In recent years, research has been conducted with various methods for the extraction of secondary metabolites from plant material of Humulus lupulus species, with promising results for the control of V. destructor [38,39,40,41,42,43,44]. The species H. lupulus L. belongs to the Cannabaceae family, and its female flowers (commonly known as hop cones) are traditionally used in the brewing industry to add flavor and bitterness to beer [45]. The main structural classes of chemical compounds identified in the essential oils of hop flowers are terpenes, bitter acids, and chalcones. Hops are also rich in flavonol glycosides (kaempferol, quercetin, quercitrin, rutin) [46] and catechins (catechin gallate, epicatechin gallate) [47]. Hundreds of terpenoid components have been identified in the volatile oil (0.3–1.0 wt.% of hop weight): mainly β-caryophyllene, farnesene, humulene (sesquiterpenes), and myrcene (monoterpene) [48,49,50].
Although there are numerous investigations focused on H. lupulus extractions in polar and non-polar solvents, to date, there are no studies that have evaluated the acaricidal activity of hydrolats of this species against V. destructor. Hydrolats, commonly known as flower water, is a by-product of obtaining essential oils by hydrodistillation, currently used in different industries such as food and cosmetics for their organoleptic and biological properties. The hydrolats of different plant species have been shown to have biological activity and are also used in agriculture against different pests such as fungi and insects and also for soil fertilization [51,52,53]. In general, there are not many studies that evaluate the role of the volatile compounds of hydrolats as potential acaricides. However, the main components are generally the same as those present in the oxygenated fraction of the corresponding essential oils [54].
The aim of the present research was to analyze the biological activity of hydrolats, obtained as water-soluble fractions in the hydro distillation process of essential oils from female flowers of the Spalt, Cascade, Victoria, and Mapuche varieties of H. lupulus over V. destructor, bee larvae, and adult bees, as well as to evaluate the attractive or repellent properties for these hydrolats on V. destructor.

2. Results

2.1. Chemical Composition

The volatile composition of the hydrolats is summarized in Table 1. The four varieties of hops presented a high presence of volatile compounds in their oxidized form, partly due to the extraction methodology.
The qualities of these extracts on the total content of phenolic compounds are shown in Table 2. For the Victoria variety, a higher amount of saponins and a higher antioxidant activity were found, followed by Cascade and Mapuche hydrolats with similar values between them. Finally, with respect to the Spalt hydrolat, a higher proportion of flavonoids and polyphenols in total were found, with lower antioxidant activity and a lower presence of saponins (Table 2).

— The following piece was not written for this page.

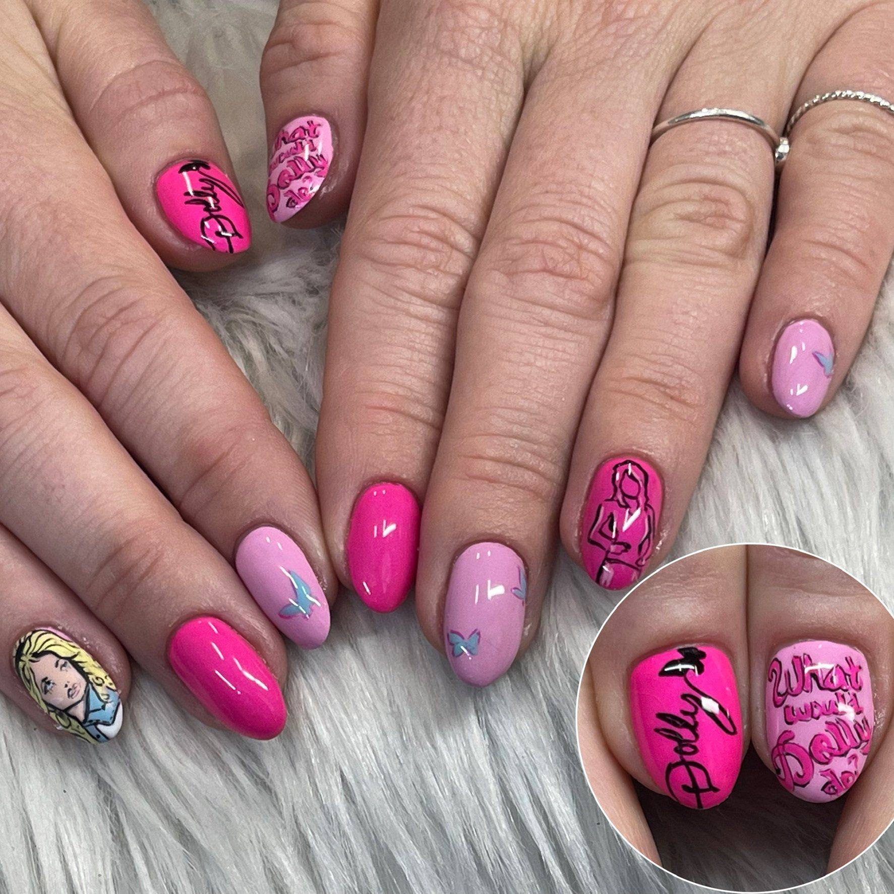 *Handpainted nail art examples: character portraits, detailed designs, encapsulations, anything handpainted that uses more than one color, detailed handpainted work, chrome designs, swirls
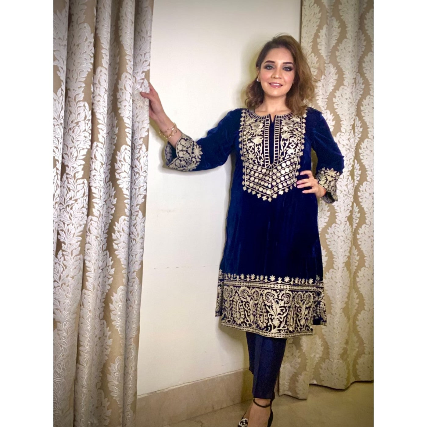 This dark blue velvet kurta is intricately embroidered in oxidised dull gold zari work with Mughal inspired motifs on the ghera with scalloped sleeves. Cotton silk pants complement the alluring kurta. A statement and trendy monochrome look for the winter.

2.2. Mite and Bee Lethality Test

The estimated LC50 value for V. destructor at 24 and 48 h obtained for each hydrolat is given in Table 3. The hydrolat from the Victoria hop variety demonstrated the lowest value of LC50 against V. destructor, indicating that it is the most lethal variety for mites. The observed nurse bee toxicity did not show significant mortality compared to the control. NOAEL values were calculated for each variety. For the Spalt hydrolat variety, the NOAEL was ≥20 μL/mL (X2(3, N = 25)) = 0 with a p-value of 1; for the Cascade hydrolat, the NOAEL was ≥20 μL/mL (X2(3, N = 25)) = 0 with a p-value of 1; for the Mapuche variety, the NOAEL value was of ≥20 μL/mL (X2(3, N = 25)) = 0.7003 with the p-value of 0.9512; and finally the NOAEL value calculated for the Victoria variety hydrolat was ≥20 μL/mL (X2(3, N = 25) = with a p-value of 0.9512. For tau-fluvalinate, the LC50 estimated at 24 h was 2.89 mL/dish for mites. This value decreased to 2.03 mL/dish at 48 h. LC50 for bees was 1.682 and 1.427 mL/dish at 24 h and 48 h, respectively. Significant differences were detected in relation to treatments (p < 0.001).

2.3. Attractivity Test

The hydrolats from all varieties tested did not show signs of attracting or repelling V. destructor mites. Fisher’s analysis showed that the expected position of the mites in the Petri dishes did not show significant differences with the control and was similar between the groups. The p-values obtained for the hydrolats were: Cascade variety (p-value = 0.5991), Spalt variety (p-value = 0.2489), Mapuche variety (p-value = 0.3795), and Victoria variety (p-value = 0.3215).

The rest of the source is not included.